Problem details
Begin at the line that has "last 30 days", stop after the line that has "During the semiquincentennial", and print exactly those lines from the records below, without any pictures.

Data for the task Start Marker

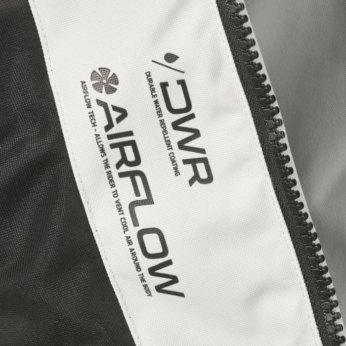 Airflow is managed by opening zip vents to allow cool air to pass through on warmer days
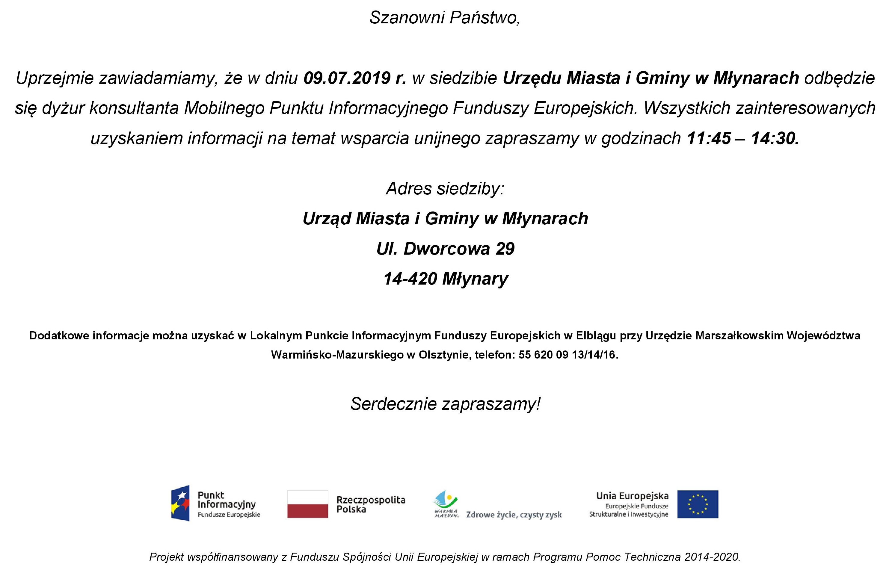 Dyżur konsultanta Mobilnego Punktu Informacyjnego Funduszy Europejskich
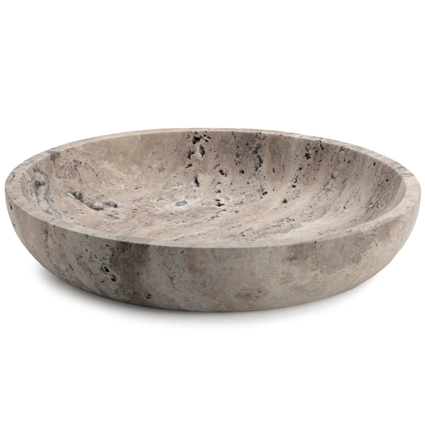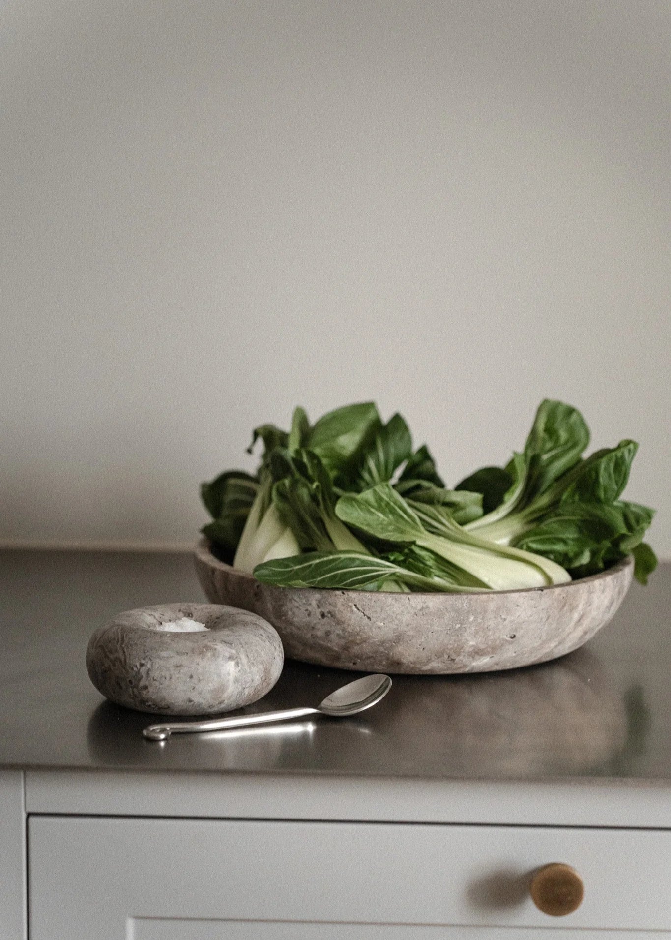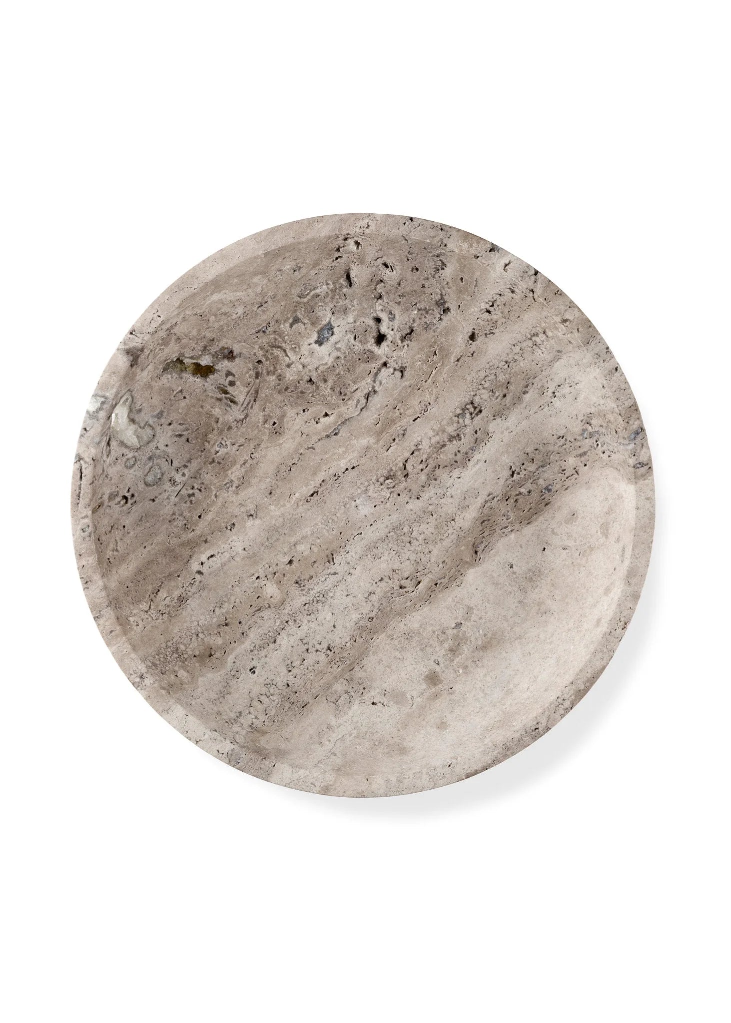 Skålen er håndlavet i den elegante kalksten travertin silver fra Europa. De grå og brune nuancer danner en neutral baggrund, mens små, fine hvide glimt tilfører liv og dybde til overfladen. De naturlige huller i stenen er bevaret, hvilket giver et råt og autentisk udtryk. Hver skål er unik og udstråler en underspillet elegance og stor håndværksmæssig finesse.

Data for the task End Marker
Data for the task Start Marker

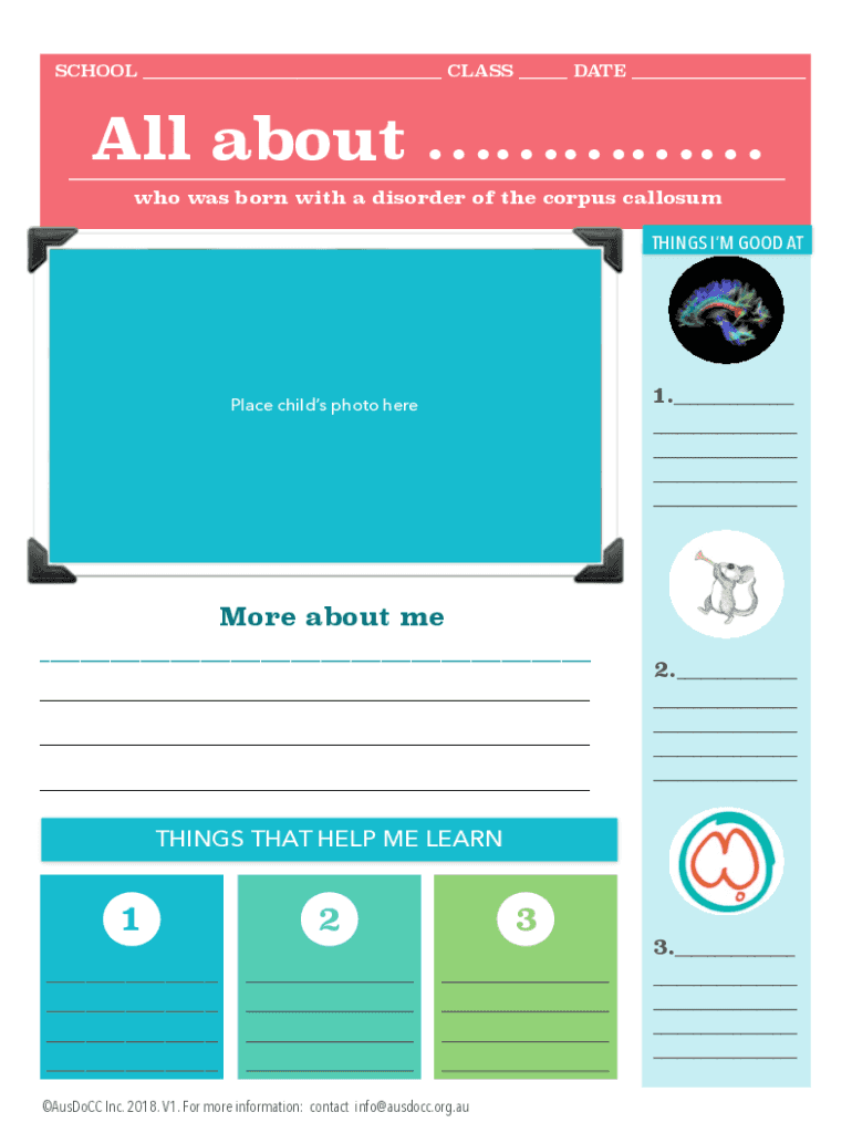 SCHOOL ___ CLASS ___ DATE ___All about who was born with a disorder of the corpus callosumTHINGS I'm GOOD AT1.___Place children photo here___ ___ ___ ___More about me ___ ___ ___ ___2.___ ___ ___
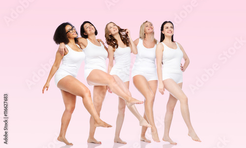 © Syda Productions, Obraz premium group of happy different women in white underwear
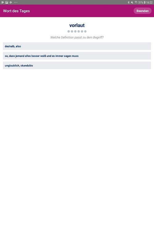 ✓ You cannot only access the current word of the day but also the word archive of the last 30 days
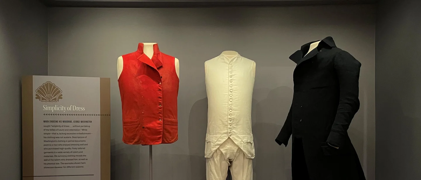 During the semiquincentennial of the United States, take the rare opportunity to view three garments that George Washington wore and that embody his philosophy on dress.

Data for the task End Marker
Data for the task Start Marker

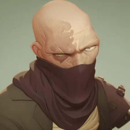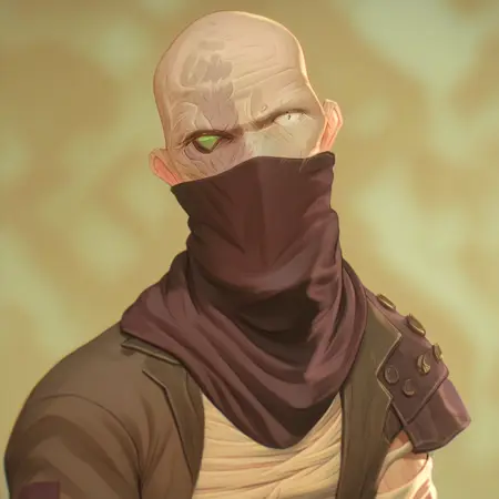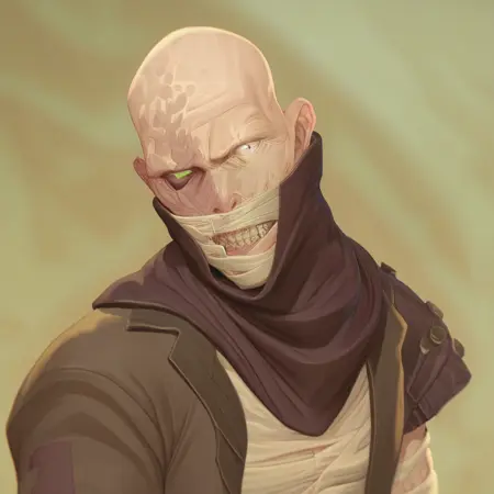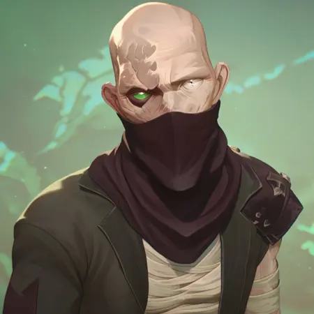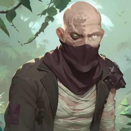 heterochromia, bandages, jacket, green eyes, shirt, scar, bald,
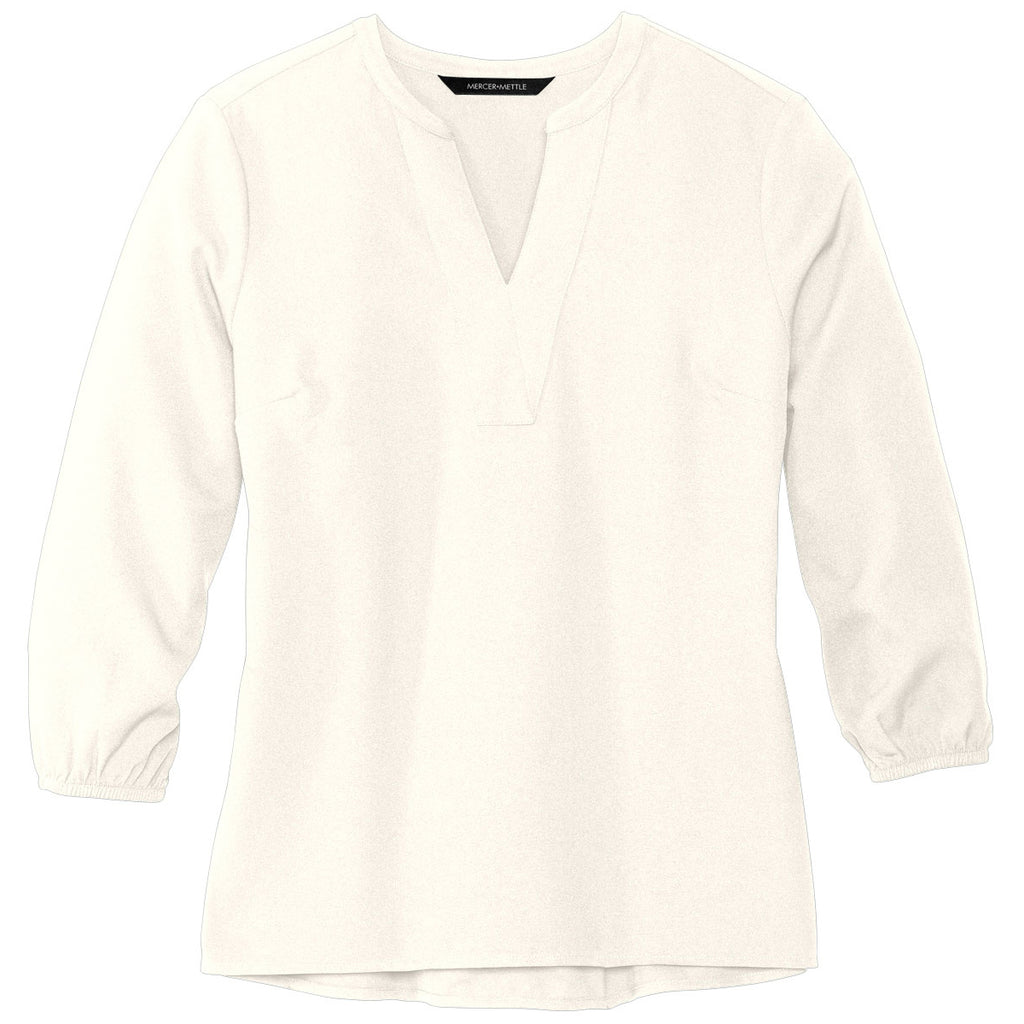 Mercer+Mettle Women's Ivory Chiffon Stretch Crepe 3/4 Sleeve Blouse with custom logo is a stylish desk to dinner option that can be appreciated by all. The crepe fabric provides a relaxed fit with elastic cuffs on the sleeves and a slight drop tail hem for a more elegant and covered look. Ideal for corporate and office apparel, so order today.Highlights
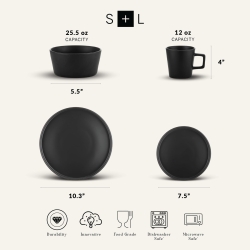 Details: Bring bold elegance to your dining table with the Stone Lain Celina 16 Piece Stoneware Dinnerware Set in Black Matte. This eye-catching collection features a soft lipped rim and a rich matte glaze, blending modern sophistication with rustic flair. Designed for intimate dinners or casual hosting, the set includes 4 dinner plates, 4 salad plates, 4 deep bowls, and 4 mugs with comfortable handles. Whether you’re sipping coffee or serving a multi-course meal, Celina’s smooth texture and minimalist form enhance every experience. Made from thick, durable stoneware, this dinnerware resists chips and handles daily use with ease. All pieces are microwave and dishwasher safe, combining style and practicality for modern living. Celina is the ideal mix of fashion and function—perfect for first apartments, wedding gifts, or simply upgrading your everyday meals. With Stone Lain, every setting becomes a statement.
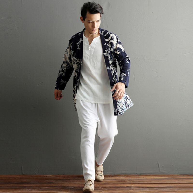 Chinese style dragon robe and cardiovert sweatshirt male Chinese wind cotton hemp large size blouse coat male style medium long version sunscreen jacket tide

Data for the task End Marker

Exercise result
 ✓ You cannot only access the current word of the day but also the word archive of the last 30 days
 During the semiquincentennial of the United States, take the rare opportunity to view three garments that George Washington wore and that embody his philosophy on dress.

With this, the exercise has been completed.